Люди из деревни. И, наверное, дань эпохе. Ильюшин любил музыку, особенно мелодичные песни.

«Как-то я пришел к нему домой, – говорит В.Н. Семенов. – Он завел пластинку „Не слышно шума городского...“. Кто-то поет хриплым голосом, пьяный, что ли... „Это я пою!“ – он говорит. Я и не знал, куда деваться.

– А ты любишь песни? – спрашивает.

– Очень.

– Спел бы что-нибудь!

Я спел, и мы записали. Прослушали.

– Нравится тебе? – спрашивает.

– Нет. У меня же нет голоса!

– А когда ты поешь, ты разве слышишь себя?

– Слышу хорошего певца, которого слушал когда-то, а не себя.

– Также и я, – тихо сказал он».

Есть запись – он поет на итальянском языке «Мое солнце» вместе с В.М. Молотовым на свадьбе сына Владимира. У Молотова был хороший голос – это я знаю...

Об Ильюшине говорят коротко: крестьянин. В обиходе это подразумевает не только народность, но и ограниченность. Может, был не очень развит? Малый уровень культуры? Для иных он казался ниже их уровня. Однако кто из них, аристократов, мог наизусть читать Шекспира? Ильюшин удивлялся, как Лев Толстой мог невысоко отзываться о Шекспире... Нет, уровень у него был не «крестьянский».

Ромео, милый, не клянись луной,
что каждый день свой образ изменяет,
чтоб не была подобно ей
изменчива твоя любовь...

Терпеть не мог измены, предательства. Ну а кто это любит? «Если говорите, то говорите то, что у вас на сердце. Или молчите». Имел право так сказать, потому что сам был надежный человек.

Читал гостям наизусть Тютчева, Беранже – память феноменальная, присущая людям выдающимся. Любил Лескова, Достоевского, Лондона. Короче говоря, понимал, что к чему в литературе. А Джек Лондон был его любимым героем. Как-то взял его фотографию, положил рядом свою, где молодой, в летной форме с петличками: «Чем не парень?»

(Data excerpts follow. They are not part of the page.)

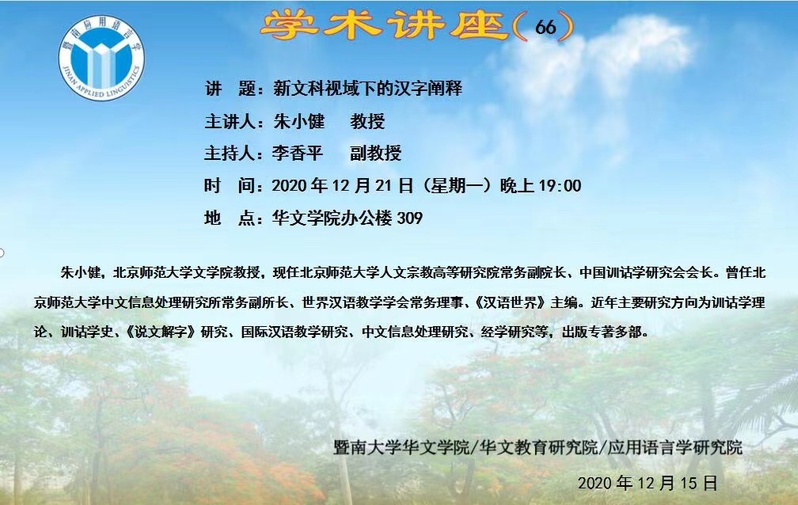 朱小健教授学术讲座:新文科视域下的汉字阐释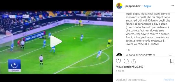 “Muovetevi ca**o come si sono mossi quelli che da Napoli sono andati ad Udine (850 km) o quelli che fanno l’abbonamento a Sky e Dazn (che costa tanto) solo per vedere voi che correte. Voi non dovete solo vincere… voi dovete correre e sudare. A voi ,a fine partita non deve restare asciutta nemmeno la mutanda. E invece voi vi siete fermati“.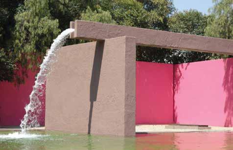 The Cuadra San Cristobal is located in a northern suburb of Mexico City. On the tedious drive out you pass the cluster of colored obelisks that Goeritz designed for Satellite City, another planned development that was hijacked by speculators. The Egerstroms, a Swedish couple who loved horses, commissioned a modest white house and an expansive stable yard in the gated community of Los Clubes. Pink walls are cut away to frame the house and are highlighted by panels of blue and violet, with a row of stables to one side. A cantilevered conduit gushes water into a shallow pool: an image that has long defined Barragán to the world. Just up the street is a similar spout and pool to serve horsey neighbors.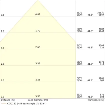 The colour code is a combination of colour rendering (CRI) and light colour (Kelvin). The first number indicates the colour rendering (1 = very poor colour rendering, 9 = maximum colour fastness). The second and third number contains the light colour. Example: the colour code 830 consists of good colour rendering (8) and warm white light (3000K). |
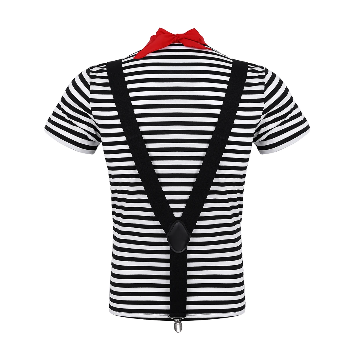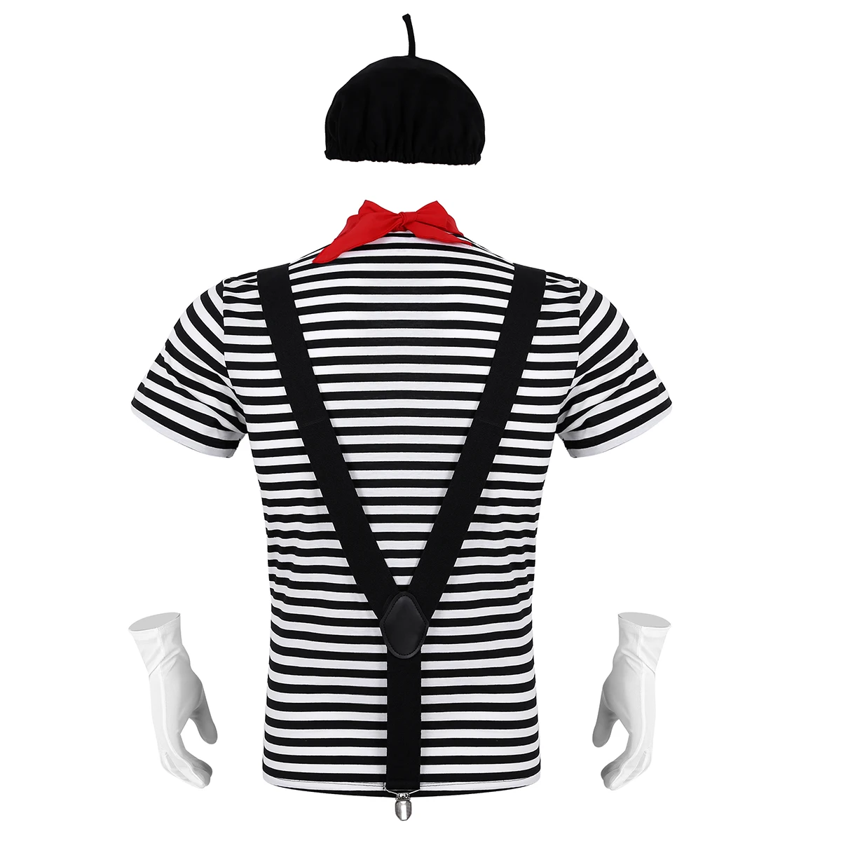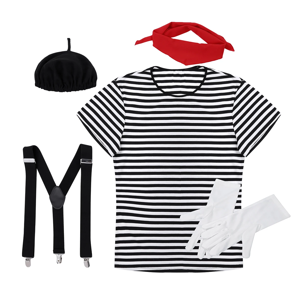 В комплект входит: 1 футболка, 1 берет, 1 красный шарф, 1 подтяжки, 1 пара перчаток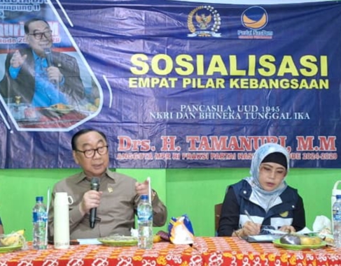 “Pancasila sebagai dasar dan ideologi negara, UUD 1945 sebagai konstitusi negara, NKRI sebagai bentuk negara, dan Bhineka Tunggal Ika sebagai semboyan negara. Empat pilar ini harus menjadi basis moral dan etika kehidupan seluruh lapisan masyarakat,” urai Hi. Tamanuri.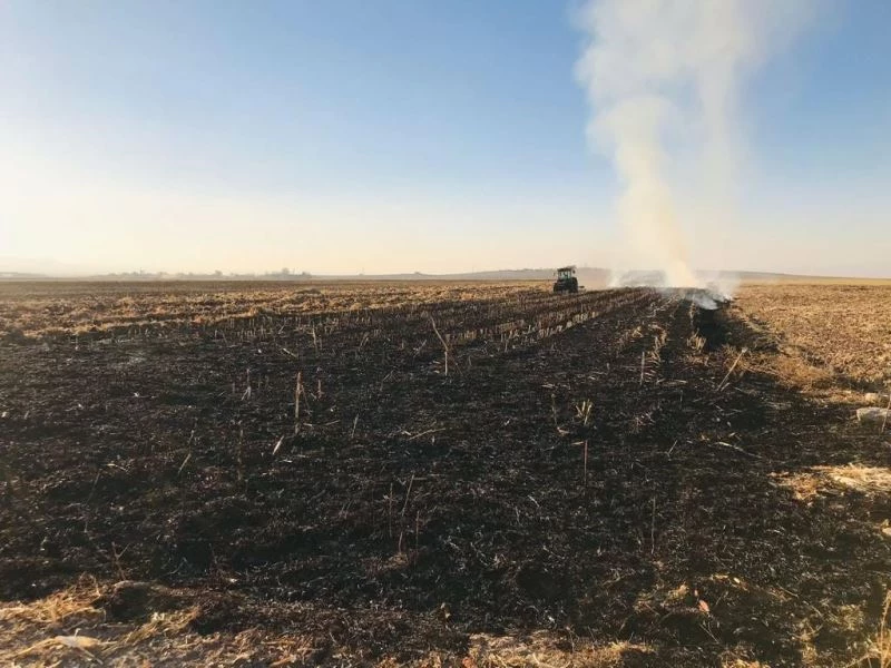 Eskişehir’de hasadı yapılmış mısır tarlasında anız yakan şahıs hakkında yasal işlem başlatıldı.

Интересно посмотреть на себя молодого, еще не побывавшего в когтях у жизни... А эта довоенная летная форма – зависть поколения!

...Отдохнуть и после войны не всегда удавалось. Вечером на вологодском поезде отправился в отпуск, а через несколько часов вслед летит срочная телеграмма: поезд такой-то, вагон такой-то. Снимают с поезда на полпути – Сталин вызывает. Иосиф Виссарионович сам не отдыхал и стране не давал покоя.

Было – поехал Ильюшин в 11.00 утра в ЦАГИ, в Жуковский, а на работу звонит Поскребышев: в 13.00 быть у Сталина. А до Жуковского на машине в один конец полтора часа. Позвонили в ГАИ. На Рязанском шоссе машину остановили, подошел милиционер: «Товарищ Ильюшин! В 13.00 вы должны быть у товарища Сталина! Разрешите, я буду вас сопровождать!»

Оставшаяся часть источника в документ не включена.